You may wish to reuse the list of payment_methods elsewhere in your dbt project. To design for this, you can break your macro into two:

{% macro get_payment_methods() %}

  {%- call statement('payment_methods', fetch_result=True) -%}

    select distinct
    payment_method
    from app_data.payments
    order by 1

  {%- endcall -%}

  {%- set payment_methods = load_result('payment_methods').table.columns['payment_method'].values() -%}

  {{return(payment_methods)}}

{% endmacro %}


{% macro get_payment_method_amounts() %}

  {% for payment_method in get_payment_methods() -%}

    sum(case when payment_method = '{{payment_method}}' then amount else 0 end) as {{payment_method}}_amount
    {%- if not loop.last -%} , {%- endif %}

  {% endfor -%}

{% endmacro %}

Use {{return(...)}} to return data

Note that the get_payment_methods macro uses the dbt function return.
This function returns data in its original data type (e.g. list or dictionary). Without this function, a string would be returned by the get_payment_methods() macro.
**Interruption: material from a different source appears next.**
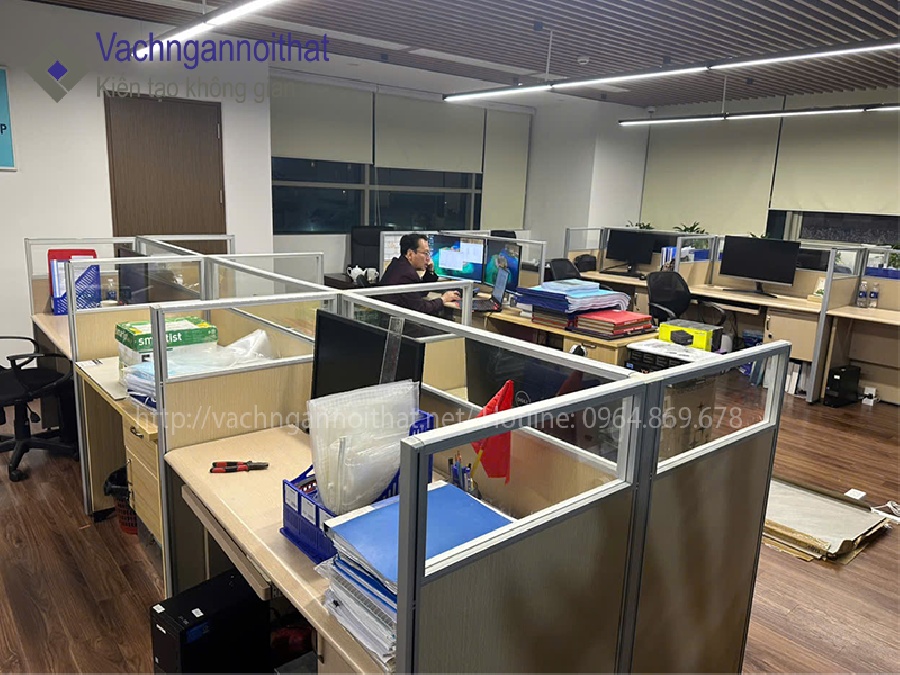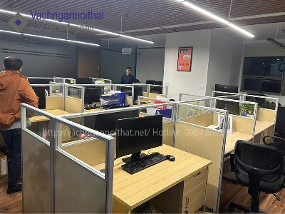 Vách ngăn bàn làm việc gỗ kính T383 thuộc loại vách ngăn module chia bàn nhân viên trong văn phòng tạo không gian độc lập, chuyên nghiệp và gọn gàng.

Now that get_payment_methods is a separate macro, you can write other macros that use this list more easily. For example, you can easily write a macro that counts the payments from each payment method:

{% macro get_n_payment_method_payments() %}

  {% for payment_method in get_payment_methods() -%}

    count(case when payment_method = '{{payment_method}}' then id else null end) as n_{{payment_method}}_payments
    {%- if not loop.last -%} , {%- endif %}

  {% endfor -%}

{% endmacro %}

Macros let analysts bring software engineering principles to the SQL they write. One of the features of macros that makes them even more powerful is their ability to be shared across projects.

A number of useful dbt macros have already been written in the dbt-utils package. For example, the get_column_values macro could be used instead of the get_payment_method_amounts macro written above. dbt-utils can be installed as a package in your project, along with any other packages you write.